Pada pertemuan terakhir mata kuliah Kapita Selekta, kami mendapatkan tips-tips cara mempersiapkan penulisan laporan penelitian yang baik oleh Guru Besar Universitas Negeri Yogyakarta, Prof. DR. Husein Haikal, MA.


Dalam penulisan skripsi, kita tidak boleh menggunakan judul yang terlalu panjang karena akan berakibat kita lupa pada judul sendiri. Jika memang harus panjang, kita bisa menggunakan sub-judul untuk memperjelas judul penelitian kita. Sub-judul seyogianya ditulis dengan format tulisan miring atau italic. Judul harus dibuat semenarik mungkin. Judul yang baik dalah judul yang bisa dikerjakan dan tidak menyinggung orang lain. Selain itu, pada bab pendahuluan kita harus menjabarkan penjelasan kata demi kata untuk memberikan latar belakang dan alas an objektif mengapa Anda memilih topik penelitian itu.
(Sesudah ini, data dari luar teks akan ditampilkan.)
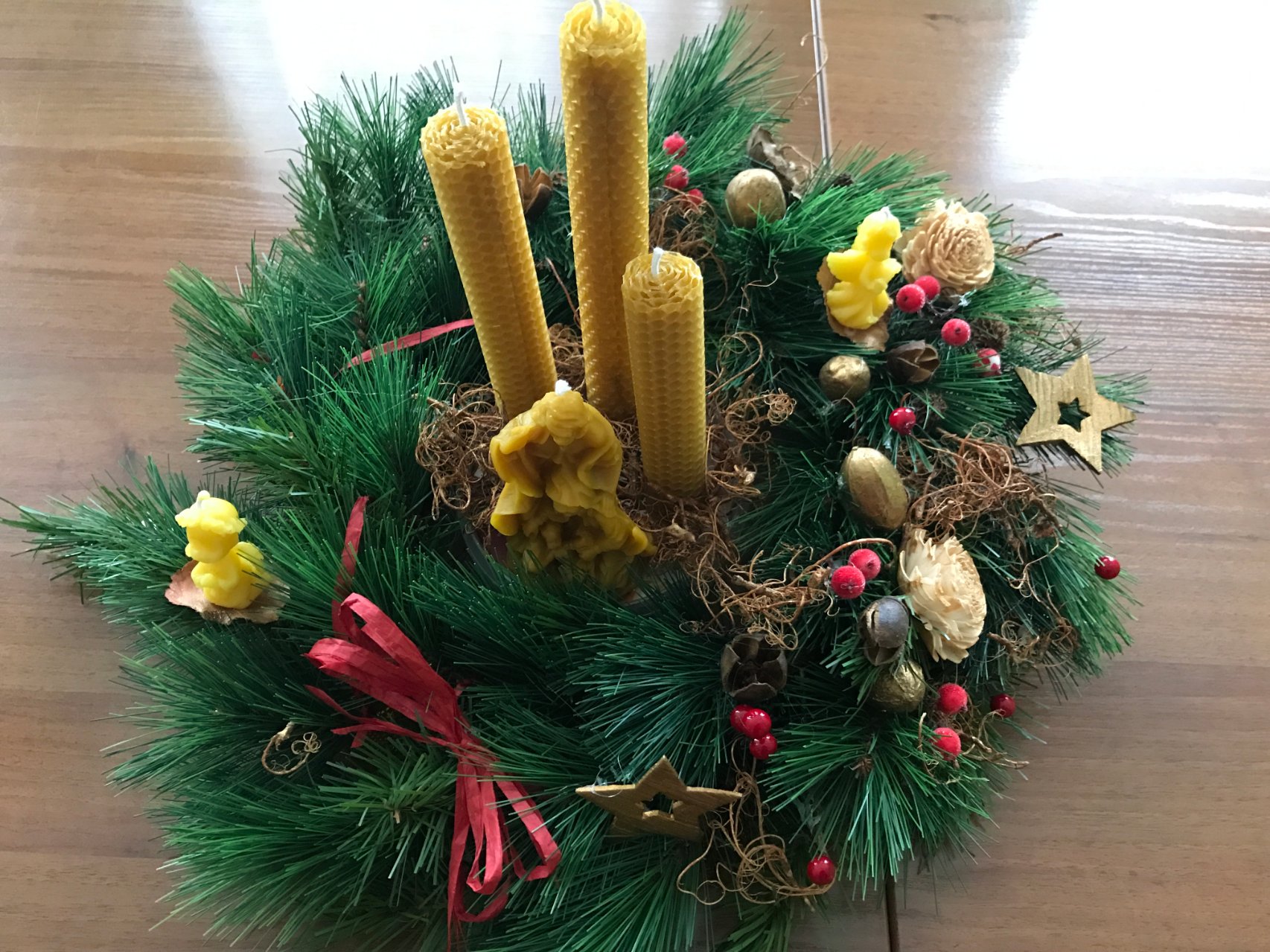 Šiandien iš tiesų įsitikinome, kad mūsų gimnazijos bendruomenėje gyvas bendravimo ir bendrumo stebuklas, dalijimosi galimybė. Širdingai dėkojame informacinių technologijų mokytojai Gražinai Gasiūnienei už mielą, nuoširdžiai kurtą advento vainiką, kuris papuošė gimnazijos mokytojų kambario stalą. Beje, visus labiausiai džiugina natūralaus bičių vaško žvakės, pagamintos pačios pedagogės. Tegu šis advento vainikas simbolizuoja šviesią viltį, liudija meilę ir kviečia pabūti kartu, pagalvoti apie artimą ir kitą, nebūtinai šalia esantį...

Pada pinsipnya fungsi utama dari sebuah tulisan adalah sebagai alat komunikasi yang tidak langsung. Menulis sangat penting karena dapat melatih kita untuk berpikir kritis. Sebenarnya menulis itu tidaklah sulit. Jadikanlah menulis itu sebagai sebuah kebiasaan. Kita dapat melakukan kegiatan menulis di mana dan kapan saja, serta jadikan menulis menjadi sesuatu yang dibutuhkan, bukan hanya sekedar hobi.

Pada saat-saat tertentu, kita bisa mendatangkan rejeki dari menulis. Jika kita menulis ke Suara Muhammadiyah, maka kita bisa mendapatkan penghasilan. Tapi jika kita menulis di jurnal, maka kita yang harus membayar.

Kesimpulan dari pertemuan pada hari itu adalah kita tidak boleh ragu-ragu menulis! Menulis itu tidak ada batasnya. Untuk menciptakan tulisan yang bagus, kita harus menulis dengan penuh ketulusan dan tantangan. Contohnya adalah novel Laskar Pelangi karya Andrea Hirata. Sang penulis melihat orang-orang miskin di Tanah Air kemudian menjadikan cerita tersebut sebagai sebuah tulisan yang menginspirasi banyak orang. Karya itu kini sangat terkenal karena ketulusan sang penulis.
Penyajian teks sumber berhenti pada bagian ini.